Required work - Report, from the records below, every line where the word "with" appears.

Records to process -
%%

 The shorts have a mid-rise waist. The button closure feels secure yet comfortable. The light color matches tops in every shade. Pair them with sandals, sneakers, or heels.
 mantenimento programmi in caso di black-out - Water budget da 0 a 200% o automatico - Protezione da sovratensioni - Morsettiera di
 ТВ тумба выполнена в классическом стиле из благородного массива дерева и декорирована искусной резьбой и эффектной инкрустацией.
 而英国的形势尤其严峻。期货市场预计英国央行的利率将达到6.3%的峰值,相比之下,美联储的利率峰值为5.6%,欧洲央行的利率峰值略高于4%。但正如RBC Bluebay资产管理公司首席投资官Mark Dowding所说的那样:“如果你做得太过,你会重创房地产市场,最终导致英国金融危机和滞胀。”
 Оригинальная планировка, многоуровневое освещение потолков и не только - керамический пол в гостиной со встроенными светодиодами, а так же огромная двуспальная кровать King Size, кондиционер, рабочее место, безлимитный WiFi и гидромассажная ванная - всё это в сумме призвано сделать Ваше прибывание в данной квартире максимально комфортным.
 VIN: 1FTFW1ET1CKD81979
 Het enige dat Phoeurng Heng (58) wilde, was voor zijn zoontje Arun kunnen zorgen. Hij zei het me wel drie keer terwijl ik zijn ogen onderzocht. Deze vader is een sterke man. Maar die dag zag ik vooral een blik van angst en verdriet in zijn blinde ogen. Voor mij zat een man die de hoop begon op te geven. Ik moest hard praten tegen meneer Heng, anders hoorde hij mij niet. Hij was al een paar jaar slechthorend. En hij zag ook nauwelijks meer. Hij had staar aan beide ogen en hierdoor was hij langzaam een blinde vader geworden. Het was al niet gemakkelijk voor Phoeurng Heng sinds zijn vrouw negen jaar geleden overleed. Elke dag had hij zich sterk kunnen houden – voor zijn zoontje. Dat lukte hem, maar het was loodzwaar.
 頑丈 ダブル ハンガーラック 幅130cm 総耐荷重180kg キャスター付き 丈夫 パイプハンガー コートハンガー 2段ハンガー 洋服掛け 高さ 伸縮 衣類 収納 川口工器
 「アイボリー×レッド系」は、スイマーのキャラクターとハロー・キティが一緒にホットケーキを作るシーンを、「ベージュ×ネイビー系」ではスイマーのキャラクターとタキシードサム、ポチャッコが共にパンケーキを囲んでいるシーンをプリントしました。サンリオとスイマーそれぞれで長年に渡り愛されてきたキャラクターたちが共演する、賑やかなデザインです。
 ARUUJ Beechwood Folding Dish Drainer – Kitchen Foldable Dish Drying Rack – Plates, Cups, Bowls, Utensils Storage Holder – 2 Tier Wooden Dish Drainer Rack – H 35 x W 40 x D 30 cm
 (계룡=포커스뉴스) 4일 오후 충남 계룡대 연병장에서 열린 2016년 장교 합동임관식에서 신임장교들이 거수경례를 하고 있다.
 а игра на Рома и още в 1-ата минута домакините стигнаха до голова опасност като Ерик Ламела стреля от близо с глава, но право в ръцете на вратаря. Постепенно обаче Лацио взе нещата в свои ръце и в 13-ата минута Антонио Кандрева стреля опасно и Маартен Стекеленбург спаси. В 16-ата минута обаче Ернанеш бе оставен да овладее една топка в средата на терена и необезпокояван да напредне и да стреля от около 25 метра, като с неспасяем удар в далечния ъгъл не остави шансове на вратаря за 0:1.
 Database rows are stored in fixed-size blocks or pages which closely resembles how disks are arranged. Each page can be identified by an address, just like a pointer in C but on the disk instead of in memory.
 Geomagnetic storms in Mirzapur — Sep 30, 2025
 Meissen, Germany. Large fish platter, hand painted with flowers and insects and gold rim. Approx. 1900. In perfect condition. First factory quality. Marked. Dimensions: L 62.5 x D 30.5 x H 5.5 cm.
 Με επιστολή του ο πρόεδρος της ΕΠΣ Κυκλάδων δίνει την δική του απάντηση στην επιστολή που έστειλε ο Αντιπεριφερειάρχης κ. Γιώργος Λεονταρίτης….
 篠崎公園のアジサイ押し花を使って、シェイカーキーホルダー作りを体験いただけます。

%%

Task output -
 The shorts have a mid-rise waist. The button closure feels secure yet comfortable. The light color matches tops in every shade. Pair them with sandals, sneakers, or heels.
 Meissen, Germany. Large fish platter, hand painted with flowers and insects and gold rim. Approx. 1900. In perfect condition. First factory quality. Marked. Dimensions: L 62.5 x D 30.5 x H 5.5 cm.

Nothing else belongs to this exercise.